§ Excerpted records:
..........
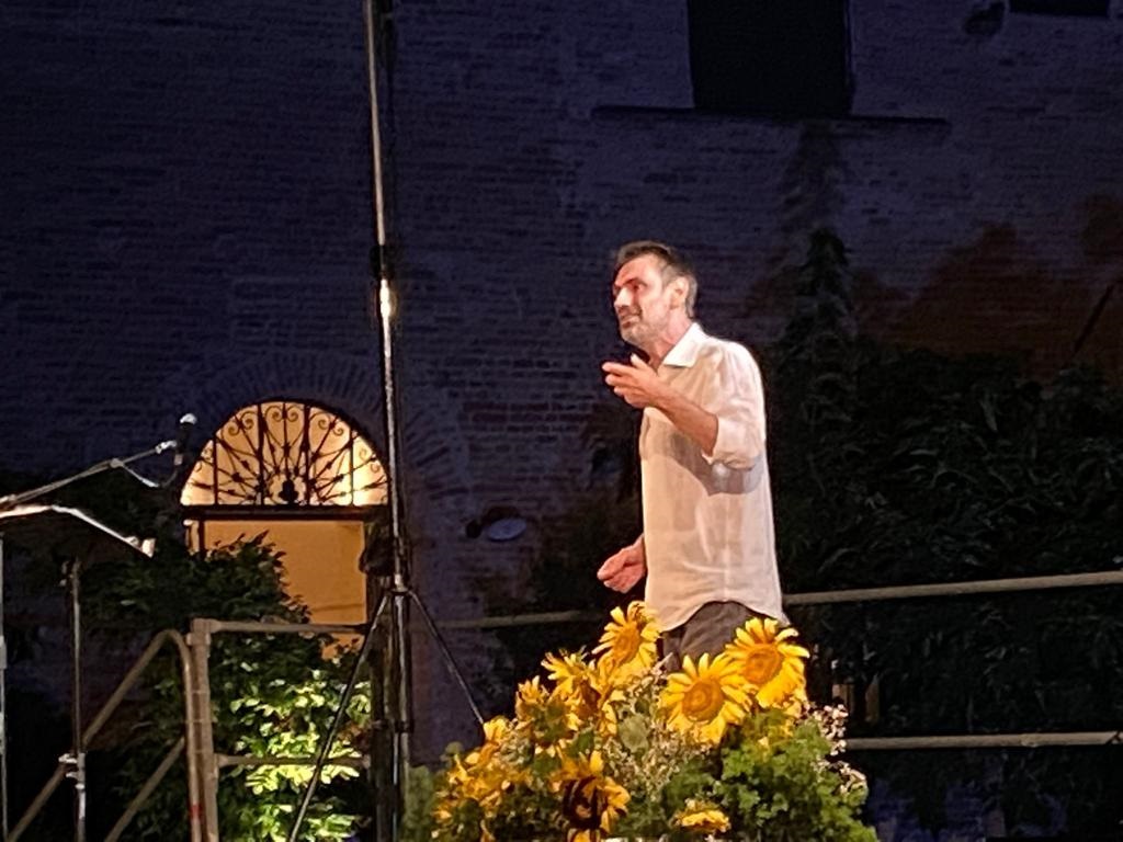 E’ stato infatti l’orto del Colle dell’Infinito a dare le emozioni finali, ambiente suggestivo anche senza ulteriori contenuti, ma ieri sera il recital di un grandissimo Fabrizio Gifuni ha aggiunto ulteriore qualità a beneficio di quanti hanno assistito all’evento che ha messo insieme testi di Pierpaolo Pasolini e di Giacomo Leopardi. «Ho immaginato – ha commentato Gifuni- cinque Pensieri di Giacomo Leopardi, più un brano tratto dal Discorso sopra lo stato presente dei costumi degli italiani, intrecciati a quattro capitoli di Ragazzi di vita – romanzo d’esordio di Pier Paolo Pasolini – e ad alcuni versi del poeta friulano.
..........
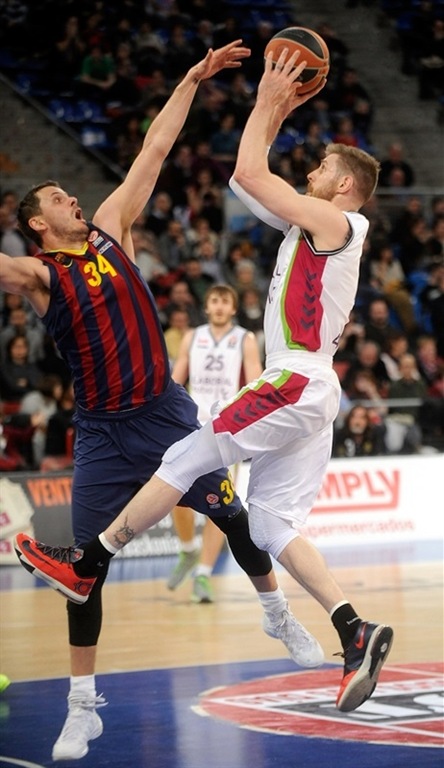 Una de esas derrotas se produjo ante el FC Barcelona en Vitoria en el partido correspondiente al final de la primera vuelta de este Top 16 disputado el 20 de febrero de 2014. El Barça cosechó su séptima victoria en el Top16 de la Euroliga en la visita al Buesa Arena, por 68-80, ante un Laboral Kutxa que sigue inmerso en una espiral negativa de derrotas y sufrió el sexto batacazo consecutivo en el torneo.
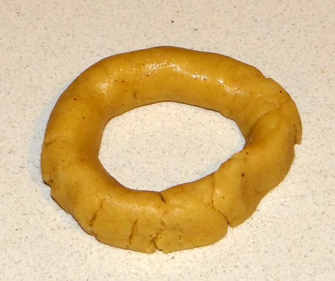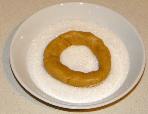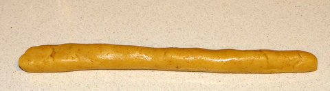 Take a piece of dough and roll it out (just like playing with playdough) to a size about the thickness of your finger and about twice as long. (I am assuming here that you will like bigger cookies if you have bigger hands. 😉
..........
§ Exercise: Everything from the line with "Una de esas" through the line with "Take a piece" in the material above should be transcribed exactly, except the pictures.

§ Answer below:
 Una de esas derrotas se produjo ante el FC Barcelona en Vitoria en el partido correspondiente al final de la primera vuelta de este Top 16 disputado el 20 de febrero de 2014. El Barça cosechó su séptima victoria en el Top16 de la Euroliga en la visita al Buesa Arena, por 68-80, ante un Laboral Kutxa que sigue inmerso en una espiral negativa de derrotas y sufrió el sexto batacazo consecutivo en el torneo.
 Take a piece of dough and roll it out (just like playing with playdough) to a size about the thickness of your finger and about twice as long. (I am assuming here that you will like bigger cookies if you have bigger hands. 😉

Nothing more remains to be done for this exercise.